I'll assume that if you're reading this then you're interested enough in the genre to have played MOO2. If not, then go and read the Gamespot review of GalCiv2 and just assume that MOO2 is GalCiv2.
All that remains is to list the differences between the two games. Anything not on this list can be assumed to be identical, or as close as makes no difference. Everything. Even the colour of the default interface.
- A 3D engine with more resolutions, zooming and such.
- Simpler control of your empire's macro resource strategy.
- 3 distinct weapon types (kinetic, energy, missile) and three specific defences against them (armour, shields, chaff)
- User configurable interfaces (in theory, text file manipulation is required).
- Annoyingly slow battle resolutions.
- Resources scattered through the galaxy that can be harvested by building starbases.
- More flexible political deals. You can offer any arbitrary combination of money, ships, planets, tech or treaties in return for the same.
- Roll-your-own ship designs (but only for visual purposes, see below).
- Cheesy rip off of quotes from Star Trek and Hitchhiker's Guide.
- Pointless technologies: Galactic Guide (allows all ships to survey anomalies) is only reasearchable well after the point where every anomoly will already have been surveyed.
- An researchable technology victory.
- Political influence; colonies sometimes just convert to your empire.
- Morality, confusingly decided both by your response to occasional moral decisions, and by a researchable technology where you simply decide (regardless of how you actually act) to be good/neutral/eeeevil.
- Many of the most distinctive racial traits (lithovore, cybernetic) in favour of more social traits (bravery). Every race in GalCiv2 is essentially a Bumpy Head.
- Food freighters. Each planet's population is limited by its own food production.

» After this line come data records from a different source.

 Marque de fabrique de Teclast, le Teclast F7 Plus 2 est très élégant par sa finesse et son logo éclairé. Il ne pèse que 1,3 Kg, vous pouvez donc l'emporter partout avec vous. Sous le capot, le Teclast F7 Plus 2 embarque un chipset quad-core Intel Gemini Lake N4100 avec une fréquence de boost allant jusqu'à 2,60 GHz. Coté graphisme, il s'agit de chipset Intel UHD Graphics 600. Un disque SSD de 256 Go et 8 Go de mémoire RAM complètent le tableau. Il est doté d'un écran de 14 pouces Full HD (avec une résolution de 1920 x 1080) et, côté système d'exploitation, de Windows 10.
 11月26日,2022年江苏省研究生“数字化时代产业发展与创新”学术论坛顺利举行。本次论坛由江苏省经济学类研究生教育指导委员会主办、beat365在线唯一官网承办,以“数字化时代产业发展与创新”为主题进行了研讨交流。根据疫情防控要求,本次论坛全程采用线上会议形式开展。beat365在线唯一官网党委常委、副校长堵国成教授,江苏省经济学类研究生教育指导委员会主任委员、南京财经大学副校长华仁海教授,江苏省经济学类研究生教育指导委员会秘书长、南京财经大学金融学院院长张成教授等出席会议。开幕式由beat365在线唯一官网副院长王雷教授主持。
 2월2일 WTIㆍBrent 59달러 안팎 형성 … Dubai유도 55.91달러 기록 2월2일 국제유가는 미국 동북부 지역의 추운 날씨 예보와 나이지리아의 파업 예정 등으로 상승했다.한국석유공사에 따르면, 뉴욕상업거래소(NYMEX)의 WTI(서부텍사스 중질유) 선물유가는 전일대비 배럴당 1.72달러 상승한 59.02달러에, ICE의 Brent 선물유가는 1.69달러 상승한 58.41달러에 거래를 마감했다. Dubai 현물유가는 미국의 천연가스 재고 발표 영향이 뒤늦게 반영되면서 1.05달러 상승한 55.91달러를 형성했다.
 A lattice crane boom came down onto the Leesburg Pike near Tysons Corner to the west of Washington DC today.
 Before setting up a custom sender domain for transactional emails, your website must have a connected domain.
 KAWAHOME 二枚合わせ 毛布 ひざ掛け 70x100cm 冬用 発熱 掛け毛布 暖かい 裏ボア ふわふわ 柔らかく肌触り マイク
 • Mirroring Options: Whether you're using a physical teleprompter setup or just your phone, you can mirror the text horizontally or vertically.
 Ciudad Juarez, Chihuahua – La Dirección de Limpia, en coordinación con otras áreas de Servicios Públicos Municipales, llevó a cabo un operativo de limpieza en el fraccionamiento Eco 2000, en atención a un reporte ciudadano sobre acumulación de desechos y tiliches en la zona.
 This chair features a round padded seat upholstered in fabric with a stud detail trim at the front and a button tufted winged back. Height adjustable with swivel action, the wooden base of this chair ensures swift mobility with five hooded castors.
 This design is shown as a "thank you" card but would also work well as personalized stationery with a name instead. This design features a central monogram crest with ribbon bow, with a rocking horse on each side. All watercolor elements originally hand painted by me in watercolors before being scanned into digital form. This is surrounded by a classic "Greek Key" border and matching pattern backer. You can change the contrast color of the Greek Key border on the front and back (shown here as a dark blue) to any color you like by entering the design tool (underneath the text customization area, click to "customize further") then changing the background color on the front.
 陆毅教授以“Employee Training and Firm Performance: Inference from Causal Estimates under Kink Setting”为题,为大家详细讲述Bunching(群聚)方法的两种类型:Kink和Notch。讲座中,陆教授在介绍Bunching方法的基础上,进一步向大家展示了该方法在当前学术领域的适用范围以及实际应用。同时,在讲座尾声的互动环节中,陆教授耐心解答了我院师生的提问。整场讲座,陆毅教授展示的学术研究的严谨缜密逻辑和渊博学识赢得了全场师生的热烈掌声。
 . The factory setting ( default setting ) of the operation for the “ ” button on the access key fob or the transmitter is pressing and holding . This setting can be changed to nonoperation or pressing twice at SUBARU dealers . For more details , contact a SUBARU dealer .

- Workers and planetary-scale economics. You build production facilities and research facilites on planets, but they are staffed based on your global empire economics sliders. You can't have one planet dedicate itself to research while another goes heavy on production.
- Planetary defences like battlestations and ground batteries (you can build "planetary defences" but they only effect ground combat, they don't attack approaching ships).
- Super-tech weapons like stellar converters (Death Star guns).
- Different planet types (barren, irradiated, toxic, ocean world, etc). Planets just have a rating that indicates the number of buildings that you can place.
- Planetary construction or type modification - no making planets from piles of rock, or rescuing Irradiated planets by building a planetary shield.
- Weapon mods (heavy, point defence, etc) and most of the "trick" space combat technologies. It's just plain old weapon power versus defence power. No targetting computers, no lightning fields, no cloaks, no Cosmic Degrobulators.
Don't get me wrong, I like MOO2, but I've already got a copy. If I'd paid money for GalCiv2, I'd be testy about it.